* **YOUR ASSIGNMENT**:
Every line of the listing below should be written out exactly, minus its pictures.

* **DATA FOR THIS TASK**:
BEGIN

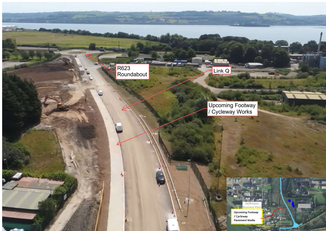
Works being progressed at Link Q.
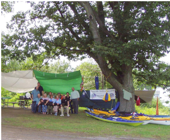
CPA HQ at Keewaydin State Park

known as the Lake Fleet Islands, and we could easily paddle to the Admiralty Islands, Navy Islands, and down into the American Narrows from there, so it could be the base for an entire week. Sugar Island costs $7 per night for ACA members, and $15 for nonmembers (so join!). You can rent platforms and cabins there, as well.
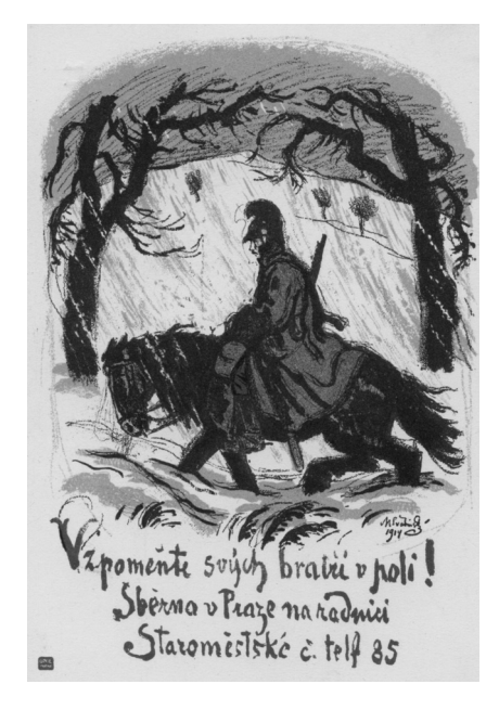
Figure 2.1 Postcard with the drawing by Max Švabinský: "Remember your brothers in the field!"

Office into thousands of postcards to be sold for the war effort.<sup>86</sup> Yet another much-used image in posters and badges represented a crying mother veiled in black holding her child up to face the viewer. Behind her, an angel comforted her. A large poster by the local branch of the Imperial Widow and Orphan Fund, for example, featured the black and white drawing and invited every Czech to do his duty to the homeland by helping these children.<sup>87</sup> This image, also used in campaigns in Vienna and in subsequent funding appeals, shows a similar use of suffering as a means of patriotic mobilization.<sup>88</sup> "Social patriotism" was harnessed as a powerful tool in service of the Austrian war effort.

END

* **WORKED SOLUTION**:
Works being progressed at Link Q.
CPA HQ at Keewaydin State Park

known as the Lake Fleet Islands, and we could easily paddle to the Admiralty Islands, Navy Islands, and down into the American Narrows from there, so it could be the base for an entire week. Sugar Island costs $7 per night for ACA members, and $15 for nonmembers (so join!). You can rent platforms and cabins there, as well.
Figure 2.1 Postcard with the drawing by Max Švabinský: "Remember your brothers in the field!"

Office into thousands of postcards to be sold for the war effort.<sup>86</sup> Yet another much-used image in posters and badges represented a crying mother veiled in black holding her child up to face the viewer. Behind her, an angel comforted her. A large poster by the local branch of the Imperial Widow and Orphan Fund, for example, featured the black and white drawing and invited every Czech to do his duty to the homeland by helping these children.<sup>87</sup> This image, also used in campaigns in Vienna and in subsequent funding appeals, shows a similar use of suffering as a means of patriotic mobilization.<sup>88</sup> "Social patriotism" was harnessed as a powerful tool in service of the Austrian war effort.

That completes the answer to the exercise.